The risk of stroke or death within 30 days or stroke in the qualifying artery territory beyond 30 days through 1 year occurred in 8.0% in the percutaneous transluminal angioplasty and stenting group vs 7.2% in the medical therapy alone group, a difference that was not statistically significant.
They conclude that among patients with transient ischemic attack or ischemic stroke due to symptomatic severe intracranial atherosclerotic stenosis, the addition of percutaneous transluminal angioplasty and stenting to medical therapy, compared with medical therapy alone, resulted in no significant difference in the risk of stroke or death within 30 days or stroke in the qualifying artery territory beyond 30 days through 1 year. The findings do not support the addition of percutaneous transluminal angioplasty and stenting to medical therapy for the treatment of patients with symptomatic severe intracranial atherosclerotic stenosis.
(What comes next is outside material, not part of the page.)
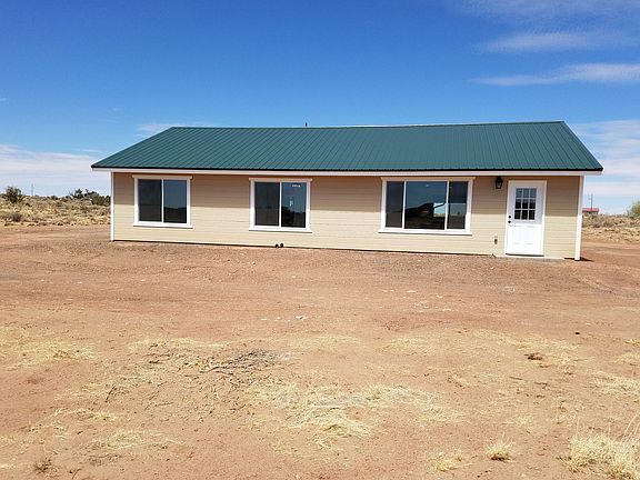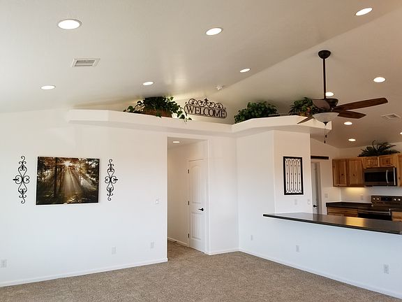 FEATURES ON THIS ALL NEW CUSTOM HOME 10 ACRE HORSE PROPERTY Quality & Energy Efficient Construction EXTERIOR • 2 x 6 exterior walls • Driveway approach/patio & cement porches • Double pain vinyl windows by Betterbilt • Siding - 1/2x16x16’ double 8” siding • Behr premium exterior paint • Metal Roof/Fern Green (07) • R-30 attic insulation • R-19 exterior insulation • Raised panel/windows on garage door with insulation • Garage door opener with two remotes and exterior touch pad entry • Front and side frost free hose faucets • Fenced on all sides of 10 acre parcel • 250 gallon propane tank (rental) - • Exterior motion lights on three sides • Well (new) 292’ deep, 1.5 H.P. well pump, & pressure tank • Septic tank and leech field INTERIOR • OPEN FLOOR PLAN: Vaulted ceilings in living & kitchen areas with pot shelving • Hand-applied texture walls with rounded “bull nose” drywall corners • Behr interior paint • Wall to wall carpet in living, hall, bedrooms and closets • Porcelain tile flooring in entry, dining, kitchen, bathrooms & laundry rm • Recessed lighting in entry, living room, dining room, kitchen, hall, laundry room, bathroom, garage areas • Dining room hanging fixture & sconce wall light fixtures in master • Four ceiling fans provided (living room, master bedroom, and two bedrooms) • Mirrored by-pass closet doors in two bedrooms • Finished garage (24’ x 26’) and equipment room, with hand applied texture walls & shiplap. • Garage is ready for conversion to large family game room, mother-in-law /guest quarters, or • “Man cave” for dad. • Wood stove in garage or family room conversion area • Hickory cabinets in kitchen, laundry, master bedroom vanity, and bathrooms • Barn door feature in kitchen • Laminate countertops • All Samsung Stainless Steel Kitchen appliances • Bronze faucets in kitchen, laundry & bathrooms, bronze door hardware • Prewired for TV and internet • Central Heating and Cooling with propane 95 % efficient Armstrong 75 kbtu unit. Please call for directions as GPS is taking people into a totally different area. Call Yolanda at 928-243-8550 or Steve at 927-243-5025 for more information.

3 figures, 2 tables, no imaging
9. Anderson CS, Song L, Liu J. Therapeutic Strategies for Intracranial Atherosclerosis. JAMA. 2022;328(6):529-531
The China Angioplasty and Stenting for Symptomatic Intracranial Severe Stenosis (CASSISS) trial, was undertaken with special care to address perceived shortcomings of previous studies and allow an assessment of the effectiveness of the Wingspan stent combined with standard medical therapy vs standard medical therapy alone. The medical therapy included dual antiplatelet therapy, commenced 3 to 5 days prior to the procedure and continued for 90 days after, and guideline-recommended use of statins and antihypertensive therapy to manage stroke risk factors. Participating sites were carefully selected and narrow inclusion criteria were used to identify a potential “responder group” at low procedural risk: patients with TIA or nondisabling, non-perforator territory, ischemic stroke from severe isolated intracranial stenosis (70%-99%) that occurred between 3 weeks and 12 months prior to randomization. Rigorous performance, training, and quality control procedures were used, and efforts were made toward achieving a high level of patient follow-up, with blinded and objective outcome assessments over 3 years.
Despite the efforts to improve patient selection and operator experience, the CASSISS trial redemonstrated that any potential benefit of stenting for ICAS in terms of long-term stroke prevention appears to be at least counterbalanced by the short-term procedural risk, which includes both ischemic and hemorrhagic events. Although arguments can be made that the restrictive inclusion criteria inevitably led to a biased, stable, “lower-risk” patient group, the trial further highlights the importance of best medical management of cardiovascular risk factors, in particular, use of statins and blood pressure– lowering agents to achieve guideline recommended targets in this patient population.